→ What the task asks: Beginning with the line that contains "CityView’s Men’s Retreat", retype the entries below exactly, ending with the line that contains "с ограниченными возможностями.". Leave out any pictures.

→ Task inputs:
BEGIN
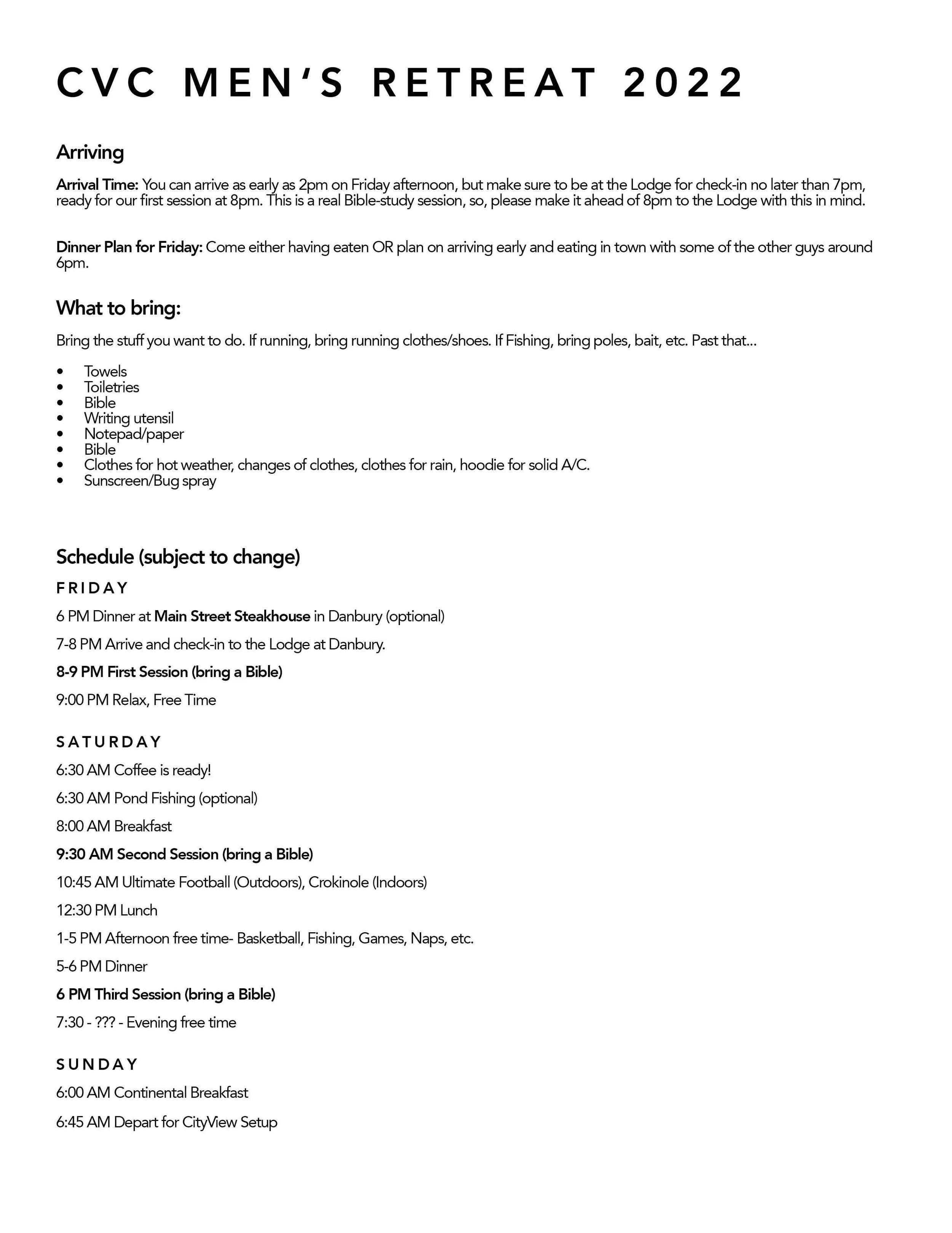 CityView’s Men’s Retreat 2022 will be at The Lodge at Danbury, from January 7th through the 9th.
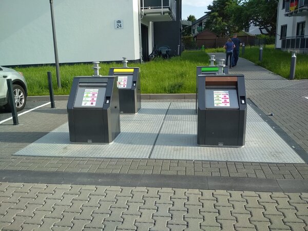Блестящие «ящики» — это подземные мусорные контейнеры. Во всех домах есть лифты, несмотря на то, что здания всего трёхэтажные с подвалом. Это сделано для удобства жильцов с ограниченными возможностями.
END
BEGIN
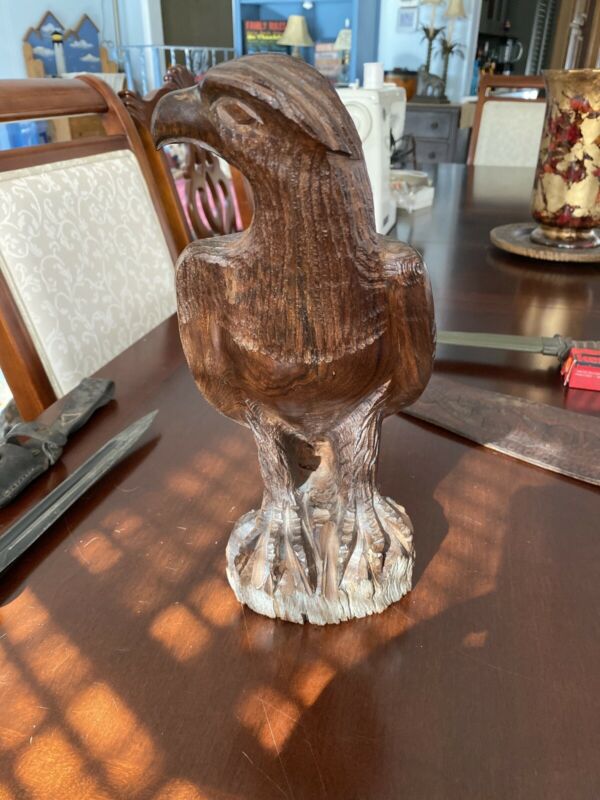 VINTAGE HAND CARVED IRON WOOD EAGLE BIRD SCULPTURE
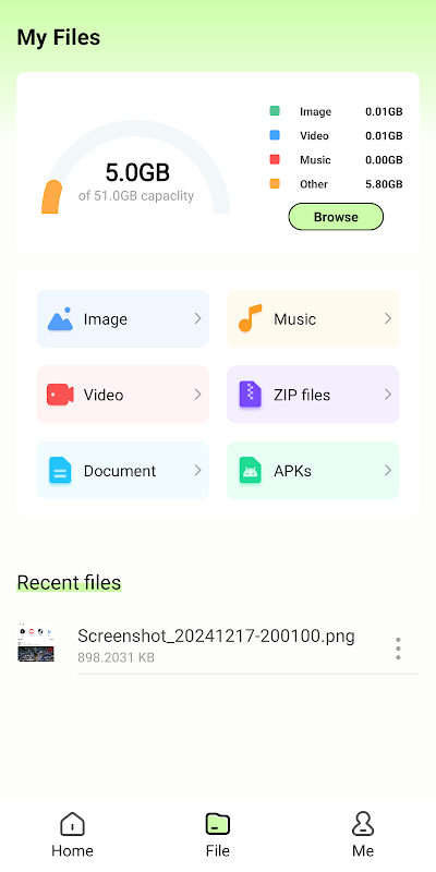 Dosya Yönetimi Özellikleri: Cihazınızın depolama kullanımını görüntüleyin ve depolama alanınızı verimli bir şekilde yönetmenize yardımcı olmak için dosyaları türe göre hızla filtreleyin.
END
→ Expected output:
 CityView’s Men’s Retreat 2022 will be at The Lodge at Danbury, from January 7th through the 9th.
Блестящие «ящики» — это подземные мусорные контейнеры. Во всех домах есть лифты, несмотря на то, что здания всего трёхэтажные с подвалом. Это сделано для удобства жильцов с ограниченными возможностями.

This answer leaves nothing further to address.